Indonesian film director

Nan Triveni Achnas is an Indonesian film director.

Born in Singapore in 1963, she grew up in Kuala Lumpur, Malaysia. Achnas graduated from the Faculty of Film and Television at the Jakarta Institute of the Arts. She also completed a master's degree in Film Studies at the University of East Anglia in 1996 where she was a Chevening Scholar. While graduating from the University of East Anglia, she directed a film entitled The Only Day (1988) as her diploma film. It won the Grand Prix at the Asian Young Cinema Film Festival in Tokyo. In 2020, she obtained her PhD degree at Nanyang Technological University Singapore with a doctoral thesis on “Experimenting with the essay form and wayang in contemporary Indonesian filmmaking : when shadows are grey”. Apart from directing films, Achnas' teaches film at the Jakarta Institute of the Arts considered as the main film school in Indonesia.

== Film career ==
Achnas first got recognition in 1995 with her short film The Little Gayo Singer. She went forward to direct five other films, one of which she also undertook the role of producer (Bendera, 2002). Nan Achnas, together with Mira Lesmana, an independent producer and director, were actively part of a self-aware film movement regarding the participation of women in film. The movement began through the experimental film, Kuldesak (1998), which they collectively produced near the beginning of Achnas' career.

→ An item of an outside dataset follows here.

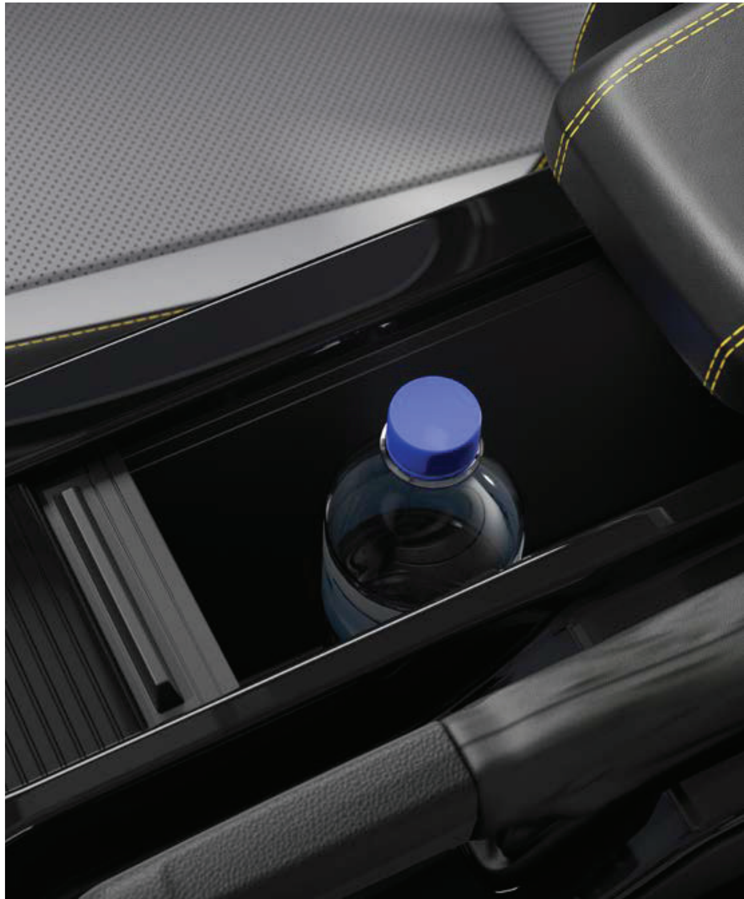
high centre console with storage

Achnas, along with other female Indonesian filmmakers, finds it difficult to increase the participation of women in both the political and social realms of life and work to promote gender politics in Indonesia. When asked about facing discrimination as a woman filmmaker, Achnas says:"Everybody is asking, 'Do you have a problem being a woman filmmaker?' And I say: 'No, should I?' Apparently, there is this brand of feminism saying, 'Do you know why you do not have a problem? Because you are still ... because the system is still not at the stage where men dominate. But when men dominate an industry then you will have problems.' Then I say, 'So far as you know, we are talking about a vacuum of 10 years, where nobody made films and now most of the decision-makers are women.' So there has been no discrimination, nothing." (2013)When speaking about the difficulties in filmmaking, Achnas claims: “You just have to have staying power and obsession, almost a fixation.” She also has spoken about government funding and the lack thereof in Indonesia. Achnas says: “In countries like South Korea, like Iran, there’s always some money from the government to make films that are not really for the mainstream market. That is not available here (Indonesia). I make films not purely for the mainstream market (so) I get my funding outside.” When speaking about making films in Indonesia, she claims “Indonesia is different because we don’t have an Indonesian diaspora, compared with the Indian or the Chinese.”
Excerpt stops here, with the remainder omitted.